Балакирев рисовал кружочки, квадратики — довольно успешно создавал «геометрию», ждал, когда механик кончит лекцию про бога и начнет про покойника.
— Вот он где, например, находится? — Снегирев постучал ногтем по фотоснимку. — А? У Бога.
— Угу. За пазухой, — подал голос Галахов.
— Э-э, а это вот напрасно. Над чужой верой у нас даже государство запрещает измываться. Не говоря уж о вере своей. Не хотите верить — не верьте!
— Извините… — пробормотал Галахов.
— Помнишь, милый мой Петрович, когда-то ты браконьеров на речке заякорил?
«Милый мой Петрович», — Балакирев спокойно посмотрел в окно: все так же темно, все так же льет.
— Да я их столько… якоря уже все пообрывались!
— Это был особый случай, помнишь, люди на ЗИЛах браконьерили?
Случай был действительно особый, Балакирев поморщился от неприятного воспоминания, над головой подуло холодом: на что уж изощрен бывает браконьер, на что уж душонка у него из пакостей соткана, все в ней гаснет, даже окурки, а до такого браконьеришки местные — именно браконьеришки, ребятишки малые с шаловливыми ручонками, не додумались.
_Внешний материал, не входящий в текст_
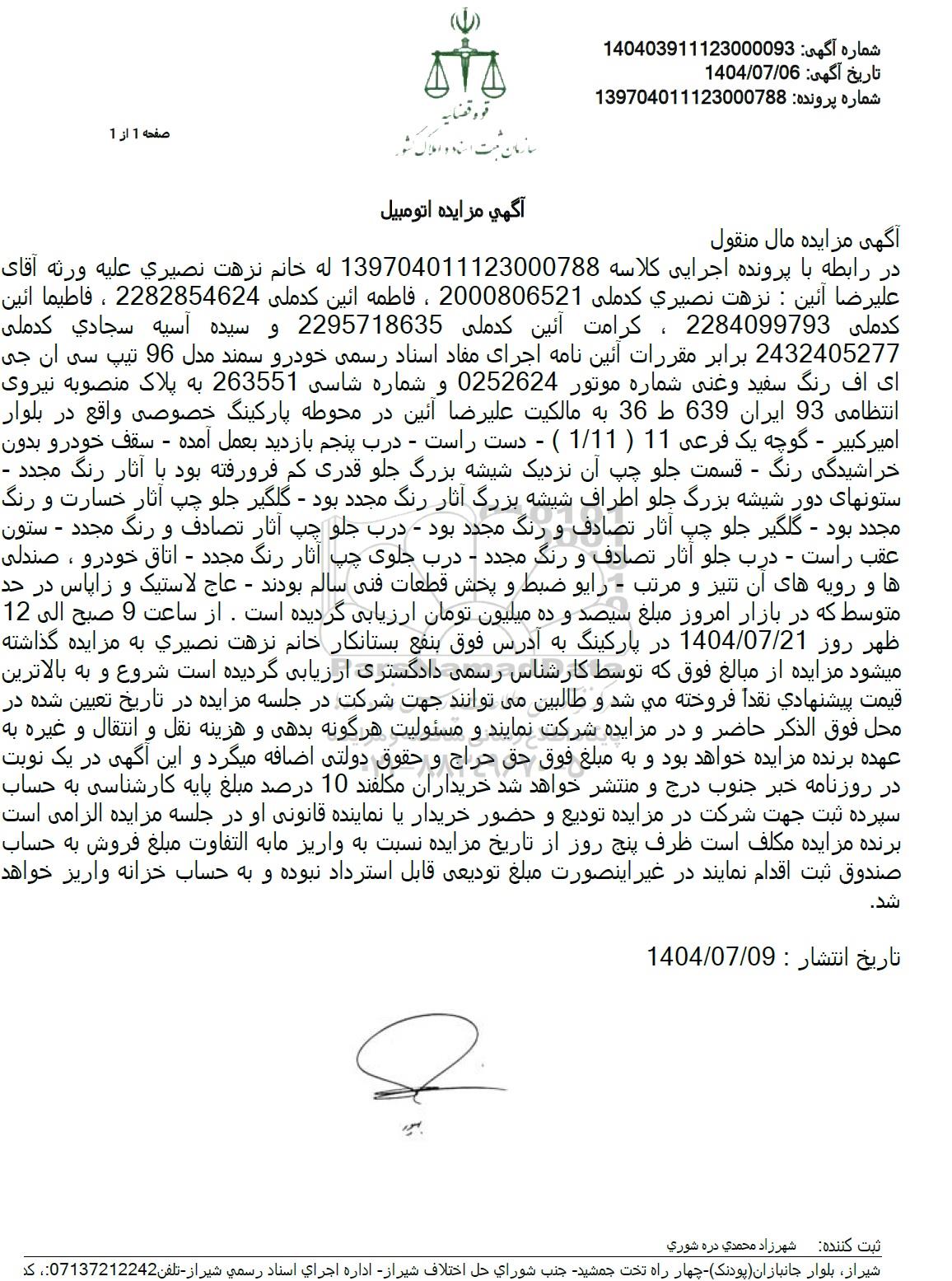 در رابطه با پرونده اجرایی کلاسه 139704011123000788 له خانم نزهت نصیری علیه ورثه آقای علیرضا آئین : نزهت رهت نصیری کدملی 2000806521 ، فاطمه ائین کدملی 2282854624 ، فاطیما ائین کدملی 2284099793 ، کرامت آئین کدملی 2295718635 و سیده آسیه سجادی کدملی 2432405277 برابر مقررات آئین نامه اجرای مفاد اسناد رسمی خودرو سمند مدل 96 تیپ سی ان جی ای اف رنگ سفید و غنی شماره موتور 0252624 و شماره شاسی 263551 به پلاک منصوبه نیروی انتظامی 93 ایران 639 ط 36 به مالکیت علیرضا آئین در محوطه پارکینگ خصوصی واقع در بلوار امیر کبیر - گوچه یک فرعی 11 ( 1/11 ) - دست راست - درب پنجم بازدید بعمل آمده - سقف خودرو بدون خراشیدگی رنگ - قسمت جلو چپ آن نزدیک شیشه بزرگ جلو قدری کم فرو رفته بود با آثار رنگ مجدد -ستونهای دور شیشه بزرگ جلو اطراف شیشه بزرگ آثار رنگ مجدد بود - گلگیر جلو چپ آثار خسارت و رنگ مجدد بود - گلگیر جلو چپ آثار تصادف و رنگ مجدد بود - درب جلو چپ آثار تصادف و رنگ مجدد - ستون عقب راست - درب جلو آثار تصادف و رنگ مجدد - درب جلوی چپ آثار رنگ مجدد - اتاق خودرو ، صندلی ها و رویه های آن تمیز و مرتب - رایو ضبط و پخش قطعات فنی سالم بودند - عاج لاستیک و زاپاس در حد متوسط که در بازار امروز مبلغ سیصد و ده میلیون تومان ارزیابی گردیده است. از ساعت 9 صبح الى 12 ظهر روز 1404.07.21 در پارکینگ به آدرس فوق بنفع بستانکار خانم نزهت نصیری به مزایده گذاشته می شود مزایده از مبالغ فوق که توسط کارشناس رسمی دادگستری ارزیابی گردیده است شروع و به بالاترین قیمت پیشنهادی نقدا فروخته می شد و طالبین می توانند جهت شرکت در جلسه مزایده در تاریخ تعیین شده در محل فوق الذکر حاضر و در مزایده شرکت نمایند و مسئولیت هرگونه بدهی و هزینه نقل و انتقال و غیره به عهده برنده مزایده خواهد بود و به مبلغ فوق حق حراج و حقوق دولتی اضافه میگرد و این آگهی در یک نوبت در روزنامه خبر جنوب درج و منتشر خواهد شد خریداران مکلفند 10 درصد مبلغ پایه کارشناسی به حساب سپرده ثبت جهت شرکت در مزایده تودیع و حضور خریدار با نماینده قانونی او در جلسه مزایده الزامی است. برنده مزایده مکلف است ظرف پنج روز از تاریخ مزایده نسبت به واریز ما به التفاوت مبلغ فروش به حساب صندوق ثبت اقدام نمایند در غیر اینصورت مبلغ تودیعی قابل استرداد نبوده و به حساب خزانه واریز خواهد شد.

В том случае все худое слилось в один поток, щепка попала в заверть, люди спеклись в едином хороводе.
Это случилось в двадцати двух километрах от поселка, среди сопок, на нерестовой реке, во время рунного хода.
Набрел Балакирев на разбой случайно: что-то муторно ему в тот день было, душно и холодно, как сегодня; показалось Балакиреву, что не все в порядке на его участке, и он двинулся в обход владений.
Долго ли, коротко ли шел — слышит: в тайге моторы ревут, высоко, со стоном, будто среди сопок кто-то затеял новую стройку: то ли висячий мост сооружают люди, то ли «гидру», то есть ГЭС, то ли канатку с горы на гору тянут и сейчас ставят на земле опоры. Подивился Балакирев — сообщений о новой стройке к нему не поступало. Может, ихтиологи новый рыбозавод закладывают? Был такой разговор, и сообщение было… Но с ихтиологами Балакирев недавно виделся, ничего они ему не сказали, стройка им разрешена, да денег пока нет — сплошная темень и печаль у ихтиологов: кал поросячий продолжает плыть по реке, последнюю рыбу грозит загубить.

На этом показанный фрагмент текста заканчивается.